Instruction-tuned language models are designed to reject harmful requests. But which specific components within the model are responsible for this behavior — and how does that mechanism get established during training? A new study from the Nous Research team examines this question at the level of individual neurons. The team introduced contrastive neuron attribution (CNA), a technique that pinpoints the exact MLP neurons whose activation patterns most clearly differentiate harmful prompts from harmless ones. By disabling just 0.1% of MLP activations, they cut refusal rates by over 50% in most instruction-tuned models tested — spanning Llama and Qwen architectures ranging from 1B to 72B parameters — while maintaining output quality above 0.97 across all steering intensities. A particularly notable finding is that the late-layer architecture capable of distinguishing harmful from benign prompts is already present in base models before any fine-tuning occurs. Alignment fine-tuning doesn’t build new architecture from scratch. Instead, it repurposes neurons within that pre-existing framework into a sparse, precisely targetable refusal mechanism.
Limitations of Current Steering Approaches
Contrastive Activation Addition (CAA) works by calculating the average difference in residual stream activations between two contrasting sets of prompts. That difference is then used as a steering vector during inference. While CAA is effective, it operates at a coarse granularity: it adjusts the entire layer-wide signal without pinpointing which specific neurons are driving the effect. At higher steering intensities, output quality suffers — models begin generating repeated words and nonsensical text.

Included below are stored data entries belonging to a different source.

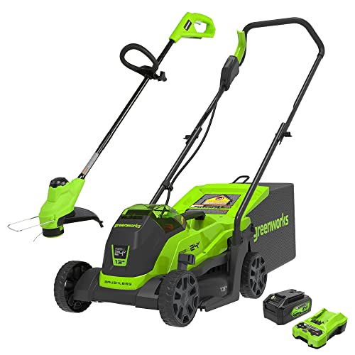 Greenworks 24V 13" Brushless Lawn Mower, String Trimmer, 4.0Ah USB Battery and Charger Included
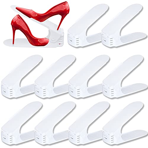 Froadp Fristående Justerbara Skohyllor 3 Höjdjusterbara Skoställ för Halkfria Skor PP Dubbla Lager Skoorganisator Stacker Set Utrymmessparande Förvaring av Skoställ (30 Stycken, Vit)
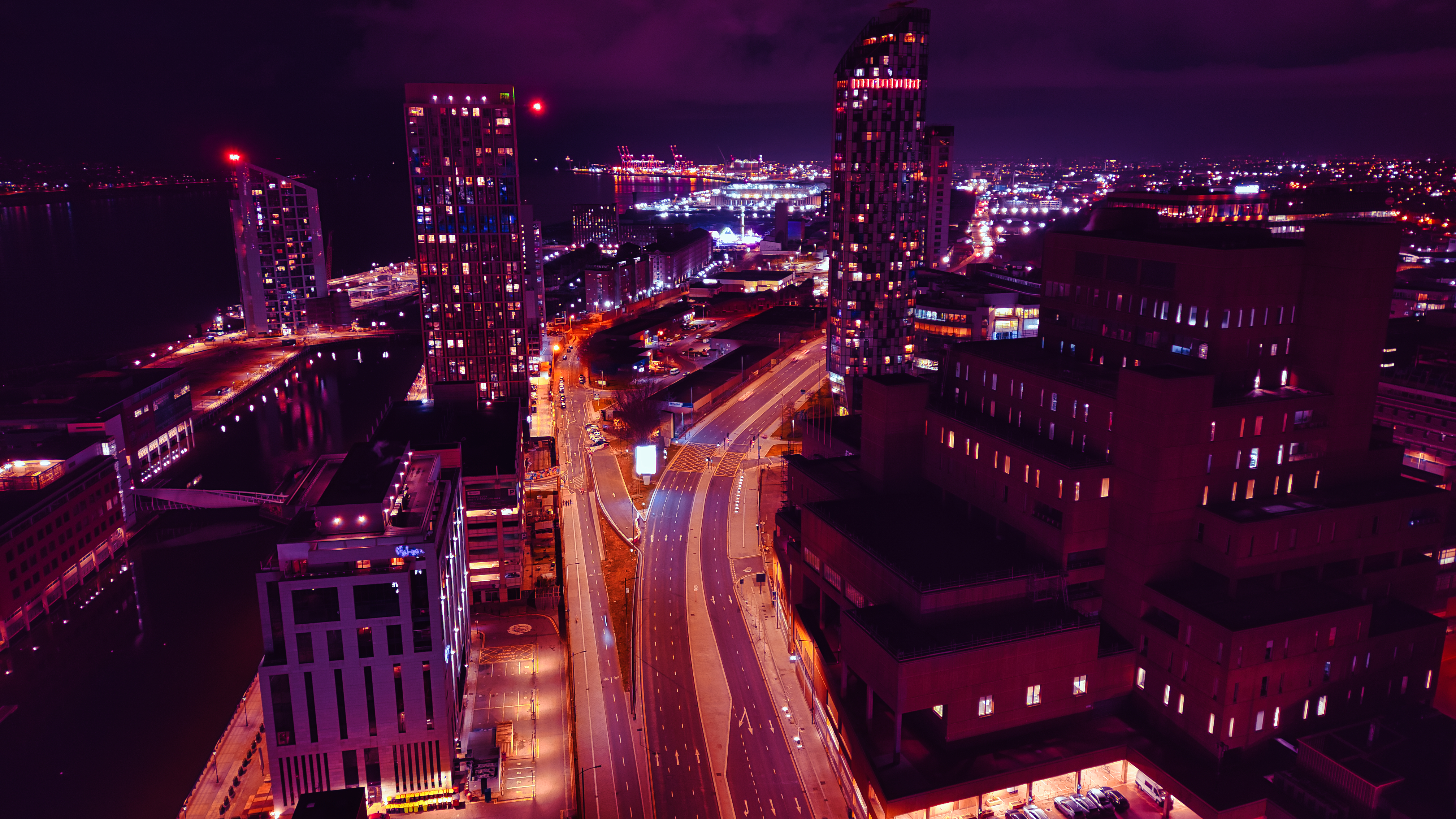 Aerial night view of a vibrant cityscape with illuminated streets and buildings in Liverpool, UK.
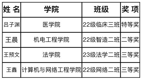 本次大赛,全省共有40所高校的13515名在校学生参与,8所院校获优秀组织奖,172名学生获个人奖。其中本科院校组特等奖3名,一等奖8名,二等奖15名,三等奖60名。

Sparse autoencoders (SAEs) break down activations into features that can be individually interpreted. However, they demand costly separate training and are vulnerable to noise in activation patterns.
In contrast, CNA needs only forward passes — no gradient computations, no supplementary training, and no iterative search process.
How CNA Operates
The process starts by defining two groups of prompts:
- Positive prompts — instances of the target behavior (for example, harmful requests)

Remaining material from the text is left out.